Não chame bolsonaristas de gado, diz Hamilton Carvalho

Ataques a eles não funcionam

Elogiar é bem mais produtivo

Vamos falar do impeachment de Bolsonaro? Para isso acontecer, no cenário atual, parece ser necessário que uma parcela significativa dos brasileiros que ainda o apoiam mudem de ideia.

Sabe o erro que muitos cometem? Chamar essas pessoas de gado, ironizá-las ou, ingenuidades das ingenuidades, esfregar “fatos” no focinho, digo, no nariz delas. Entenda que, independentemente de orientação política, somos todos o que a ciência chama de realistas ingênuos.

Isto é, imaginamos que enxergamos a realidade como ela é, objetivamente, e acreditamos que quem não a enxerga as coisas da mesma maneira só pode ser burro, enviesado ou mal-informado. “Fatos” não convencem ninguém.

Além disso, como não canso de ressaltar, as evidências mostram que, em fenômenos de culto a personalidades, o fracasso é mais persuasivo do que o sucesso. É paradoxal, mas os resultados ruins aumentam a dissonância cognitiva e, consequentemente, a pressão por consistência interna entre comportamento (o voto, lá atrás) e o apoio atual. Ninguém gosta de ser visto como uma pessoa que toma decisões ruins em contextos sociais tão visíveis como o eleitoral.

Reconhecer o erro por ter digitado 17? É mais fácil racionalizar as barbaridades do presidente, especialmente quando há grupos sociais (cujos integrantes provavelmente sofrem as mesmas pressões interiores) reforçando o coro.

Sim, o grupo que berra “mito” já tinha sido desidratado com a saída de Moro e a perda de alguns endossos de primeira hora. Mas os efeitos foram menores do que se imaginava.

Por outro lado, não se sabe ainda se o efeito combinado da falta de vacinas, a aliança com o centrão e a economia na lama será suficiente para implodir o que resta de apoio ao presidente em 2021. Talvez seja, talvez não.

Por isso, quem sonha com o impeachment precisa fazer a hora. Vou sugerir mais uma estratégia que vem do Godzilla da persuasão, Robert Cialdini. Trata-se, em resumo, de oferecer uma saída honrosa para quem continua se identificando como bolsonarista.

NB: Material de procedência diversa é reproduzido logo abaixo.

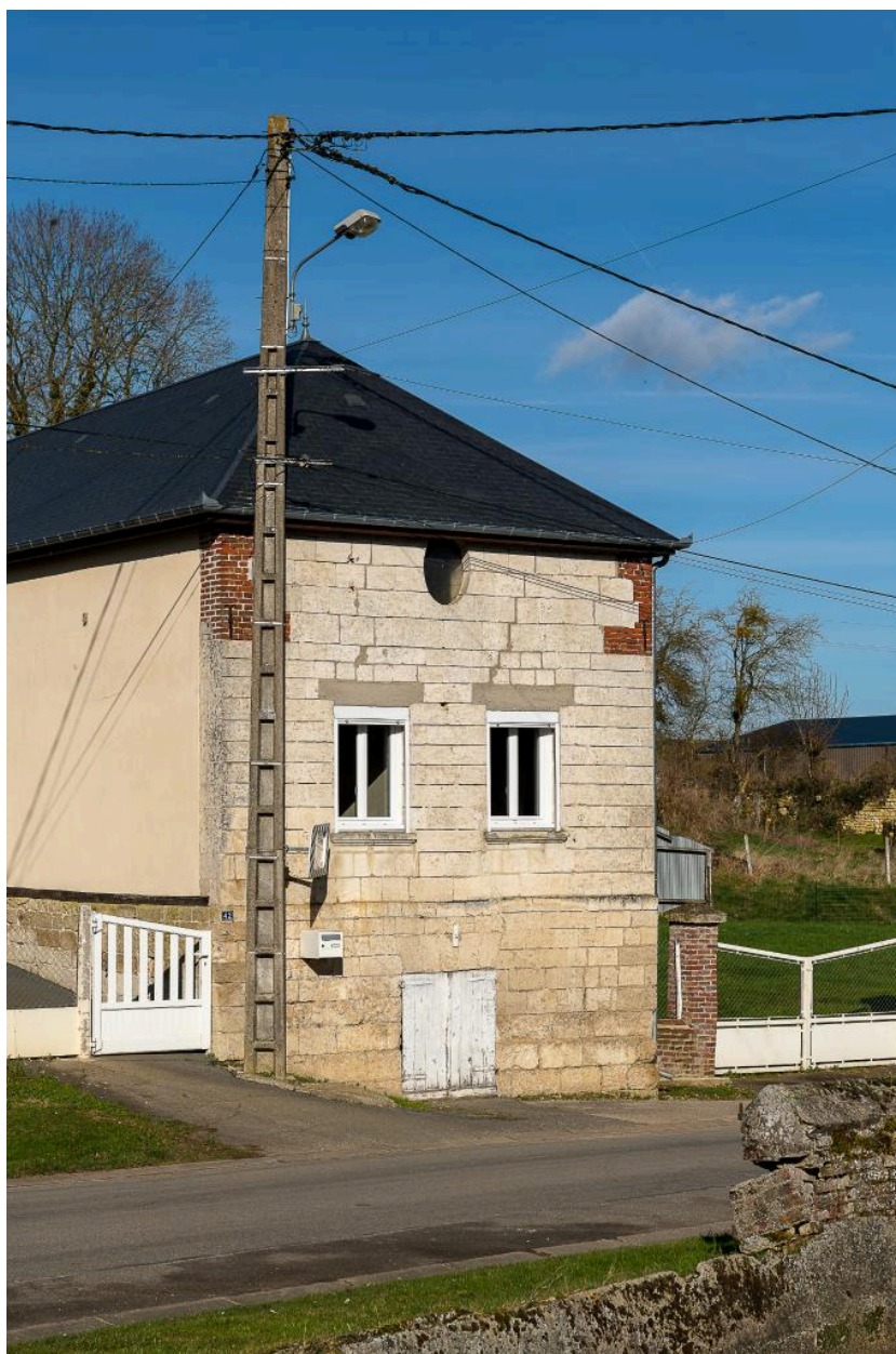
Vue depuis le sud du pignon en pierre du logis au n°42 Grande Rue.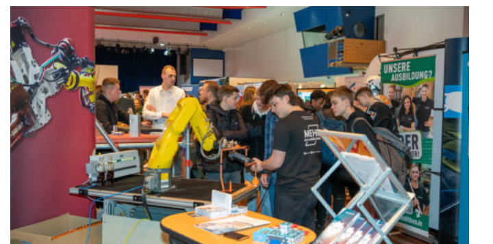
Die Resonanz bei der Berufsmesse 2023 war groß.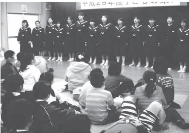
野久喜集会所 子どものつどい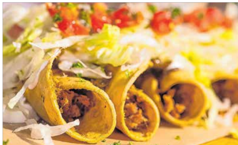
Kívül roppanós, belül krémes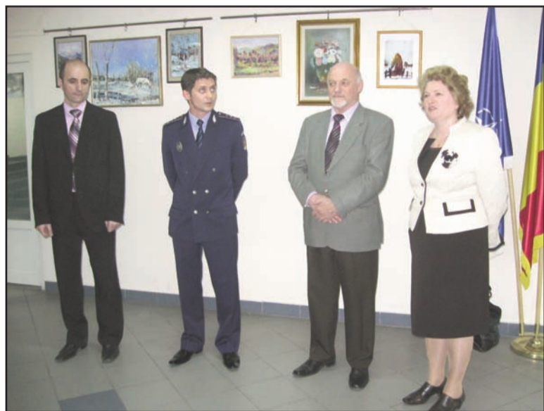
Vernisajul expoziției de pictură de la Galeria „Millenium”

Sair desmoralizado, por baixo, é algo extremamente aversivo em várias culturas. Vergonha é uma emoção universal e é ativada quando “perdemos a face”, para traduzir literalmente a conhecida expressão to lose face.

Manter a “face”, não se sentir humilhado, é, assim, um objetivo umbilicalmente ligado ao nosso ego e reputação. É uma das diversas alavancas que precisam ser bem movimentadas em uma negociação, por exemplo, ou na gestão da discordância em grupos sociais eficazes.

Bolsonaristas, como outros grupos identitários, naturalmente tendem a reagir de forma visceral ao que percebem como tentativas duras de convencimento, que colocam em xeque sua visão de mundo. Ao se sentirem atacadas ou ridicularizadas, essas pessoas apenas redobram o comprometimento. Não funciona.

Segura aí, porque agora vem a parte que muita gente não vai gostar: o jeito mais produtivo de oferecer uma saída honrosa aos adoradores da cloroquina é elogiar (sim, eu sei que é difícil) sua decisão lá atrás, descrevendo suas bases como corretas e aceitáveis –a luta contra a corrupção, contra um sistema político podre etc.

Ninguém lá atrás, prossegue a narrativa, tinha condições de prever as consequências do que viria a ser um governo absolutamente disfuncional no meio de um caos mortífero.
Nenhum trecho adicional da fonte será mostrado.